The Tensorial Anisotropy Index A^T^[5] extends the Zener ratio for fully anisotropic materials and overcomes the limitation of the AU that is designed for materials exhibiting internal symmetries of elastic crystals, which is not always observed in multi-component composites. It takes into consideration all the 21 coefficients of the fully anisotropic stiffness tensor and covers the directional differences among the stiffness tensor groups.

It is composed of two major parts $A^{I}$ and $A^{A}$ , the former referring to components existing in cubic tensor and the latter in anisotropic tensor so that $A^{T}=A^{I}+A^{A}.$ This first component includes the modified Zener ratio and additionally accounts for directional differences in the material, which exist in orthotropic material, for instance. The second component of this index $A^{A}$ covers the influence of stiffness coefficients that are nonzero only for non-cubic materials and remains zero otherwise.

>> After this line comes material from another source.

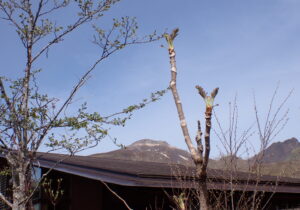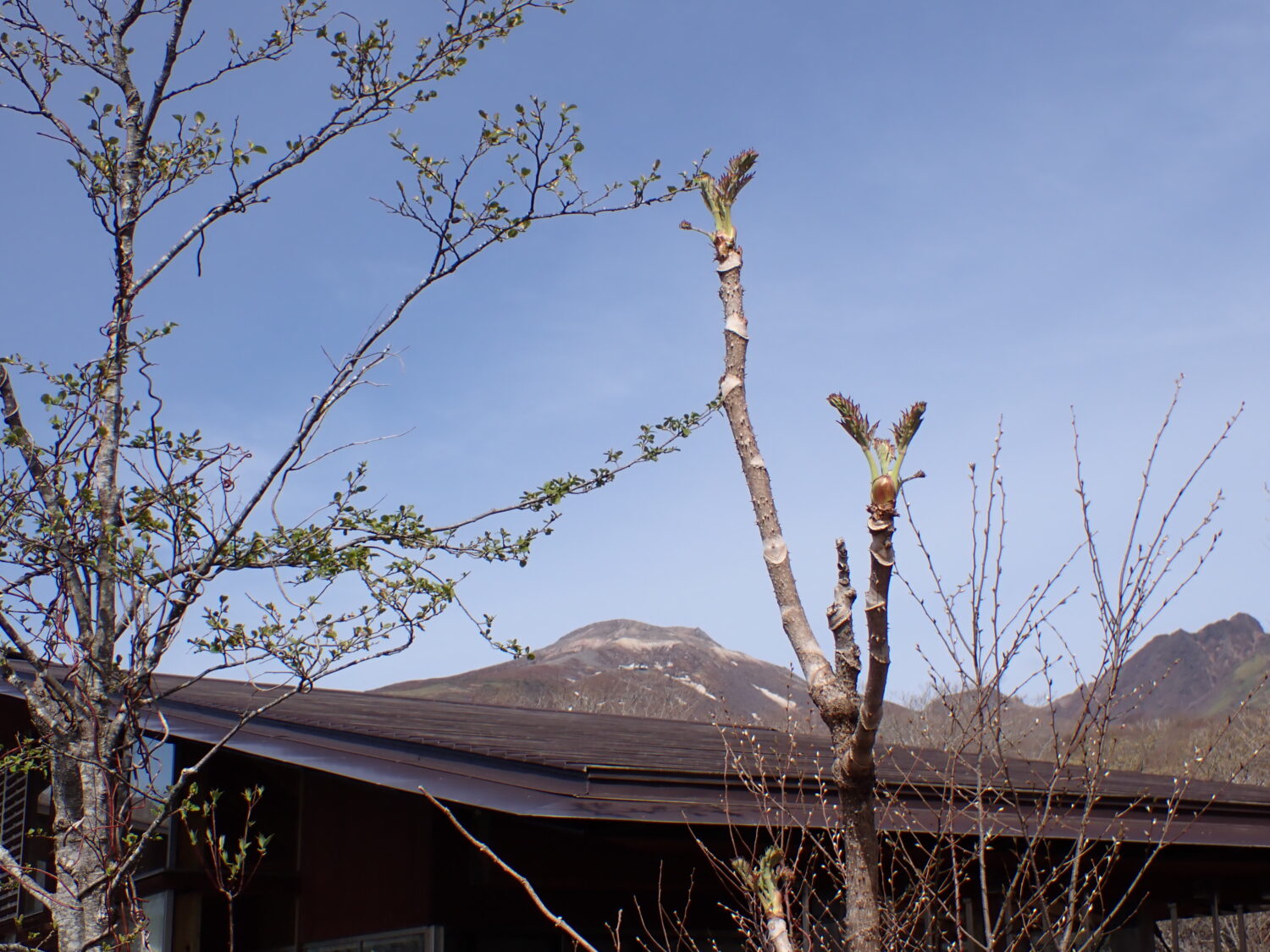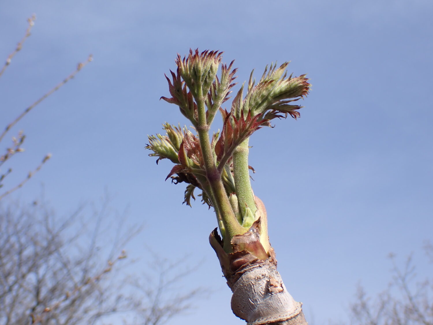 青空に輝くタラの芽、昔は飢饉対策にも使われたというリョウブ、

$A^{I}=A^{I,z}+A^{I,cov}={\frac {2(C_{44}+C_{55}+C_{66})}{(C_{11}+C_{22}+C_{33})-(C_{12}+C_{13}+C_{23})}}+\sum _{i=1}^{3}{\alpha (C_{Gi})},$

where $\alpha (C_{Gi})$ is the coefficient of variation for each stiffness group accounting for directional differences of material stiffness, i.e. $C_{G1}=[C_{11},C_{22},C_{33}],C_{G2}=[C_{44},C_{55},C_{66}],C_{G3}=[C_{12},C_{23},C_{13}].$ In cubic materials each stiffness component in groups 1-3 has equal value and thus this expression reduces directly to Zener ratio for cubic materials.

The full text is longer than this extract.